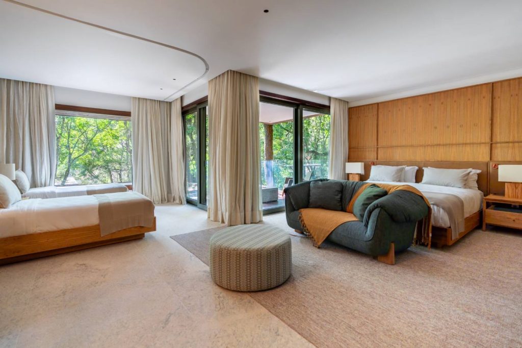 Inserido dentro do Instituto Inhotim, o Hotel Clara carrega a essência artística do maior museu a céu aberto do mundo. O projeto, sonhado por Freusa Zechmeister e finalizado pela dupla Joana Magalhães e Sofia Lobato, do escritório Hemisfério Arquitetura (@hemisferio.arq), permite experenciar o luxo silencioso do essencial, em 46 bangalôs. Nos interiores, Marina Linhares compôs ambientes que acolhem e aquietam: móveis de madeira com alma brasileira, pedras-sabão vindas de São João del Rei, tecidos que carregam o cheiro do campo.
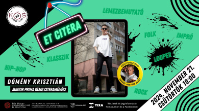 Dömény Krisztián Junior Prima -és Mester M-Díjas citeraművész munkásságára mindig is a kísérletezés volt jellemző. Egyszerre tanult klasszikus zeneszerzést és népzenét, egyszerre járt táncházakba és hip-hop koncertekre. És ma, egyszerre dolgozik együtt népzenészekkel és rock- illetve rap előadókkal, valamint egy különlegesen izgalmas elektronikus zenei eszközzel, az úgynevezett looperrel. Az “Et citera” koncerten pedig pont a csodálatos looperé lesz a főszerep. A citera “elektromosított” változatából saját dallamok, valamint hip-hop és alternatív rockzenei feldolgozások bújnak elő. Talán ez a koncert lesz a művész eddigi “legszemélyesebb” megszólalása, hiszen a looperrel Krisztián saját magával folytatott párbeszédeinek lehetünk tanúi.
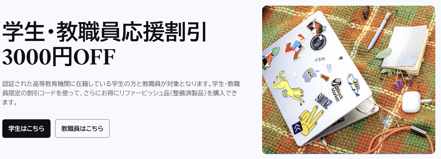 Back Marketの学生・教職員割引ページ:https://www.backmarket.co.jp/ja-jp/student-discount
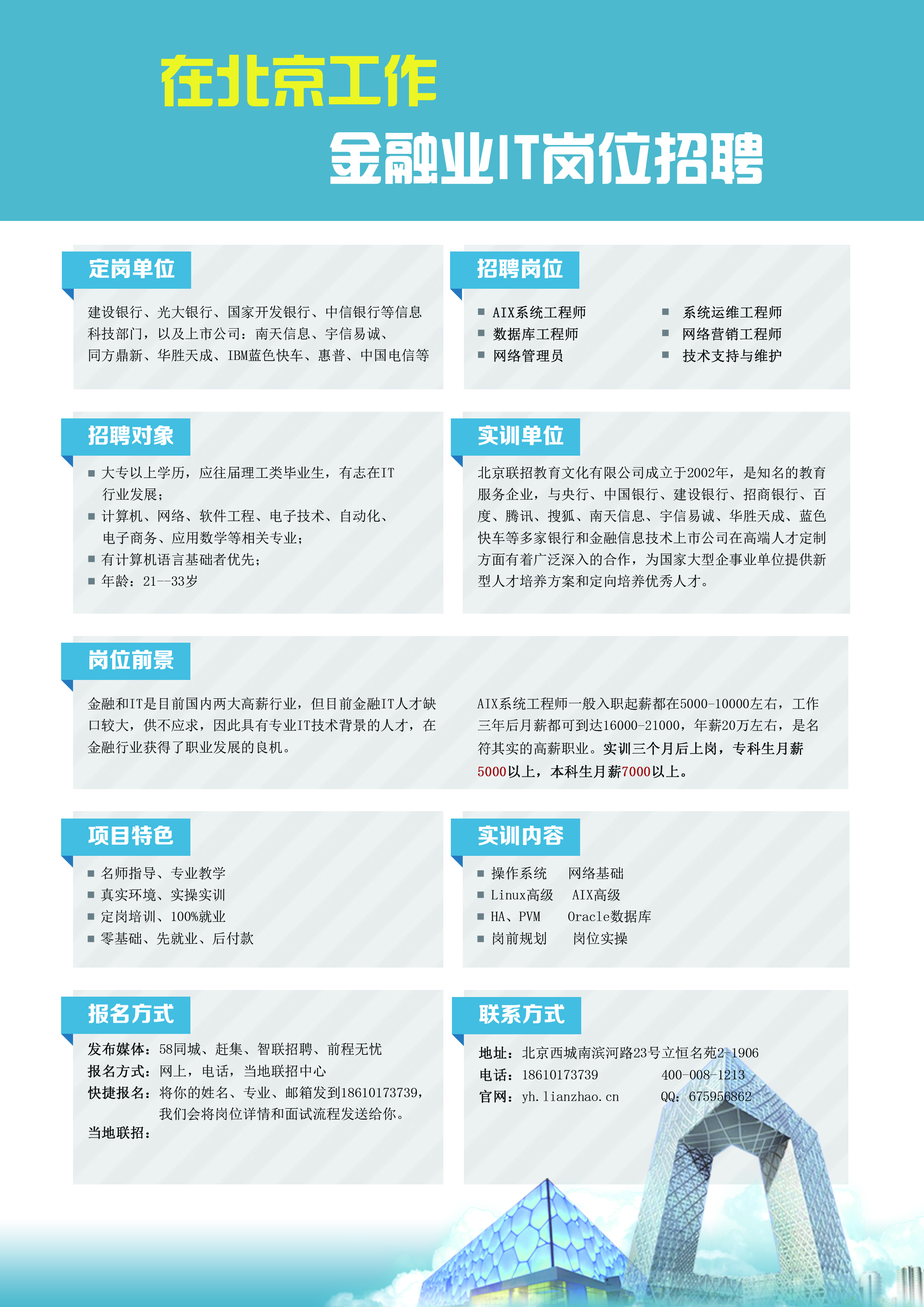 AIX系统工程师是银行、金融机构高级it岗位;发展前景大,工作年限越长,工资涨得越高,本次招聘机会难得,计划不多;实习生可以零基础!选择比努力更重要!机会就在眼前!
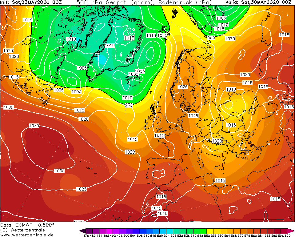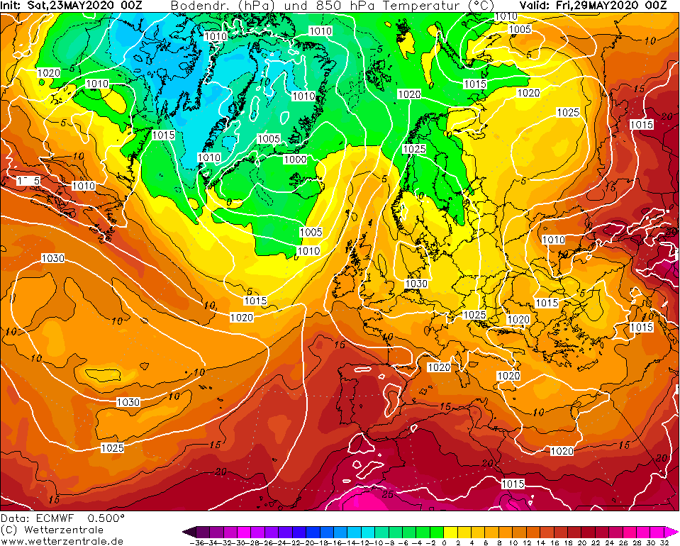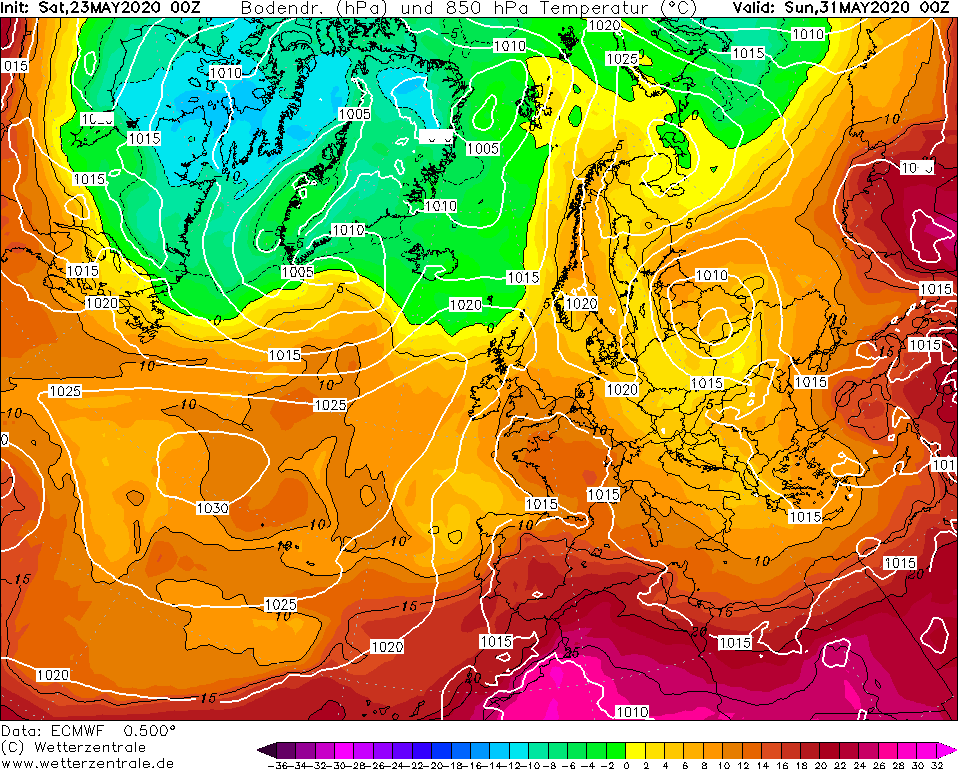 Maandag tot en met donderdag over het algemeen warm tot zomers (20-25°C). Daarna mogelijk wat warmer door aflandige aanvoer. Neerslag valt er zondag wellicht maar veel meer dan 5 mm (wat al veel is voor deze tijd), zou ik niet verwachten. Vandaag en morgen wat koelere dagen met het kwik tussen 15 en 20°C.
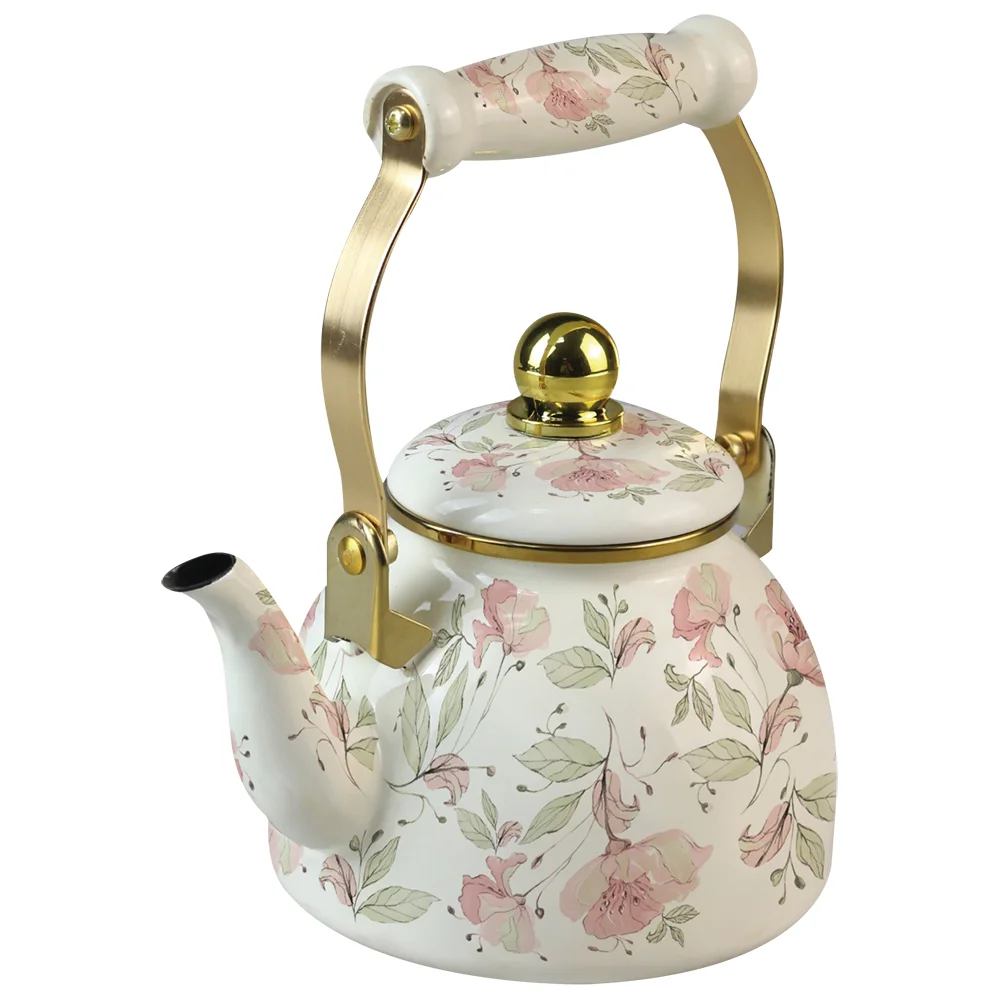 Эмалированный чайник, объем - 1,3 л, эмалированная сталь, съемный фильтр из нержавеющей стали, комбинированная ручка, "под золото", внутреннее эмалированное покрытие, ручка на крышке с декором, наружное покрытие - эмаль с рисунком. Подходит для индукции. Подарочная упаковка.
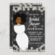 Diese elegante Brautdusche in Schwarz und Weiß mit Perlen auf schwarzem Hintergrund und einer Afroamerikanerin in weißem Kleid. Diese Einladung vermittelt einen ersten Eindruck von Stil und Eleganz für Ihre große Veranstaltung.
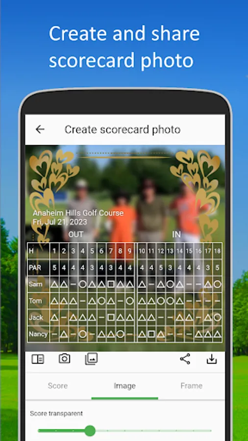 ◇ Users can create commemorative photos by adding score information, golf course names, and more to their favorite pictures. Furthermore, they can upload the created commemorative photos to social media to share them with friends.
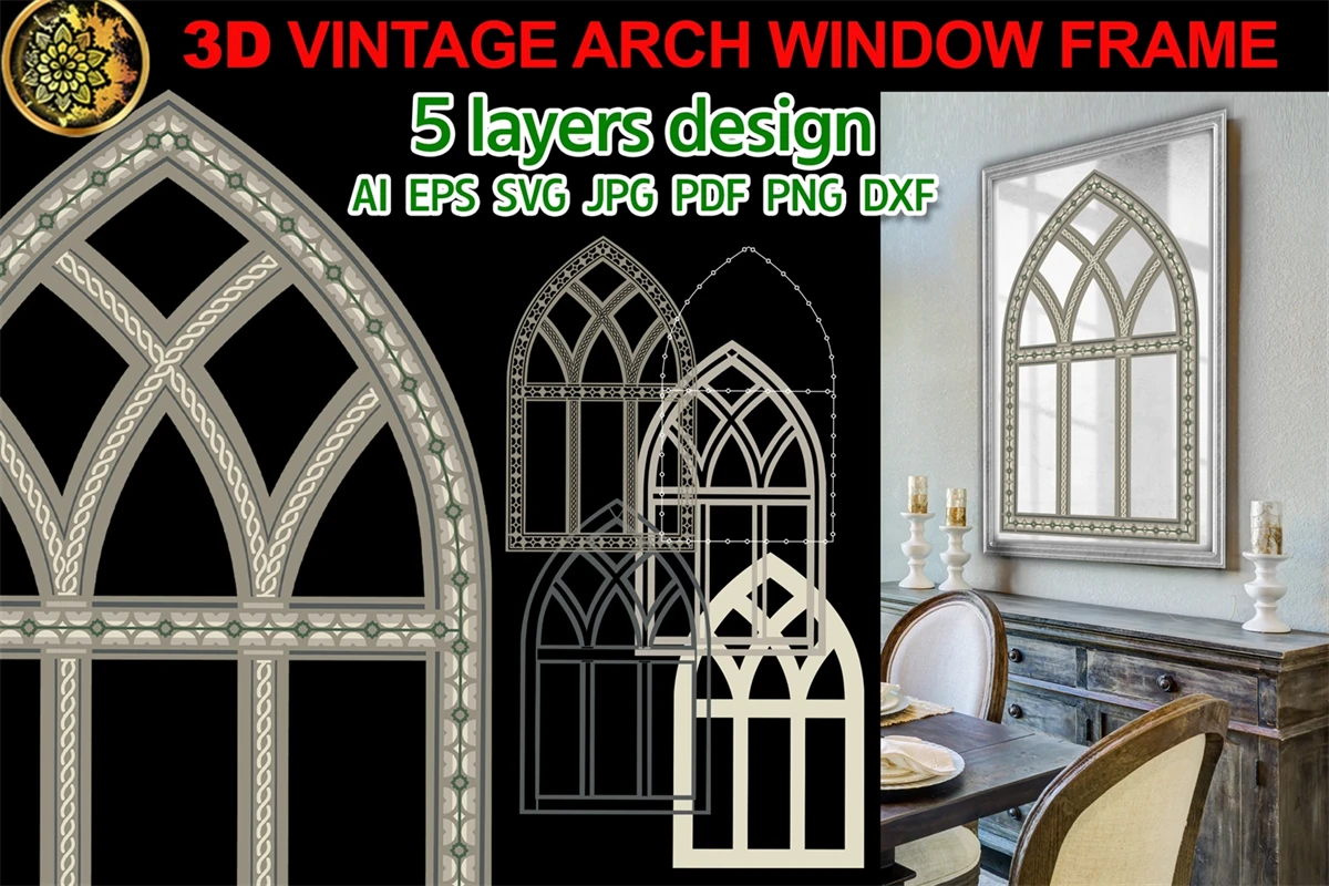 3D Vintage Farmhouse Arch Window Frame Layered Design Clip Art Cut Files for your creative DIY projects, and Home Decorations. Perfect for vinyl, personalized T-shirts, apparel, cups, stickers, card stock, and other DIY projects. Options are endless! Designs come in a black color version for easy to change the color as your choice, and a colored version for easy and ready to use.
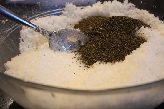 Combine the sea salt and Epsom salt in your mixing bowl. When the two salts are completely blended, add olive oil, peppermint extract and lemon extract. Stir each time you add an ingredient, making sure to break apart any large chunks of salt with your spoon. Once these liquid ingredients have been fully incorporated, your salt mixture will look like moist sand (and it will smell pretty good too!). Now it’s time to add the cornstarch and baking soda. Again, blend thoroughly, breaking apart any large clumps of baking soda or salt.  Almost done! Now add the final ingredient – the peppermint leaves. (I add this last, because I’ve found that adding them early in the process causes the leaves to bruise and give off their green color to the salt.) Stir the leaves in until they are fully blended with the salt mixture. Go ahead and take a deep breath while you’re at it – it should have a very refreshing scent!

Task to complete - The entries need to be restated exactly, and their pictures left out.

Completed task -
 Inserido dentro do Instituto Inhotim, o Hotel Clara carrega a essência artística do maior museu a céu aberto do mundo. O projeto, sonhado por Freusa Zechmeister e finalizado pela dupla Joana Magalhães e Sofia Lobato, do escritório Hemisfério Arquitetura (@hemisferio.arq), permite experenciar o luxo silencioso do essencial, em 46 bangalôs. Nos interiores, Marina Linhares compôs ambientes que acolhem e aquietam: móveis de madeira com alma brasileira, pedras-sabão vindas de São João del Rei, tecidos que carregam o cheiro do campo.
 Dömény Krisztián Junior Prima -és Mester M-Díjas citeraművész munkásságára mindig is a kísérletezés volt jellemző. Egyszerre tanult klasszikus zeneszerzést és népzenét, egyszerre járt táncházakba és hip-hop koncertekre. És ma, egyszerre dolgozik együtt népzenészekkel és rock- illetve rap előadókkal, valamint egy különlegesen izgalmas elektronikus zenei eszközzel, az úgynevezett looperrel. Az “Et citera” koncerten pedig pont a csodálatos looperé lesz a főszerep. A citera “elektromosított” változatából saját dallamok, valamint hip-hop és alternatív rockzenei feldolgozások bújnak elő. Talán ez a koncert lesz a művész eddigi “legszemélyesebb” megszólalása, hiszen a looperrel Krisztián saját magával folytatott párbeszédeinek lehetünk tanúi.
 Back Marketの学生・教職員割引ページ:https://www.backmarket.co.jp/ja-jp/student-discount
 AIX系统工程师是银行、金融机构高级it岗位;发展前景大,工作年限越长,工资涨得越高,本次招聘机会难得,计划不多;实习生可以零基础!选择比努力更重要!机会就在眼前!
 Maandag tot en met donderdag over het algemeen warm tot zomers (20-25°C). Daarna mogelijk wat warmer door aflandige aanvoer. Neerslag valt er zondag wellicht maar veel meer dan 5 mm (wat al veel is voor deze tijd), zou ik niet verwachten. Vandaag en morgen wat koelere dagen met het kwik tussen 15 en 20°C.
 Эмалированный чайник, объем - 1,3 л, эмалированная сталь, съемный фильтр из нержавеющей стали, комбинированная ручка, "под золото", внутреннее эмалированное покрытие, ручка на крышке с декором, наружное покрытие - эмаль с рисунком. Подходит для индукции. Подарочная упаковка.
 Diese elegante Brautdusche in Schwarz und Weiß mit Perlen auf schwarzem Hintergrund und einer Afroamerikanerin in weißem Kleid. Diese Einladung vermittelt einen ersten Eindruck von Stil und Eleganz für Ihre große Veranstaltung.
 ◇ Users can create commemorative photos by adding score information, golf course names, and more to their favorite pictures. Furthermore, they can upload the created commemorative photos to social media to share them with friends.
 3D Vintage Farmhouse Arch Window Frame Layered Design Clip Art Cut Files for your creative DIY projects, and Home Decorations. Perfect for vinyl, personalized T-shirts, apparel, cups, stickers, card stock, and other DIY projects. Options are endless! Designs come in a black color version for easy to change the color as your choice, and a colored version for easy and ready to use.
 Combine the sea salt and Epsom salt in your mixing bowl. When the two salts are completely blended, add olive oil, peppermint extract and lemon extract. Stir each time you add an ingredient, making sure to break apart any large chunks of salt with your spoon. Once these liquid ingredients have been fully incorporated, your salt mixture will look like moist sand (and it will smell pretty good too!). Now it’s time to add the cornstarch and baking soda. Again, blend thoroughly, breaking apart any large clumps of baking soda or salt.  Almost done! Now add the final ingredient – the peppermint leaves. (I add this last, because I’ve found that adding them early in the process causes the leaves to bruise and give off their green color to the salt.) Stir the leaves in until they are fully blended with the salt mixture. Go ahead and take a deep breath while you’re at it – it should have a very refreshing scent!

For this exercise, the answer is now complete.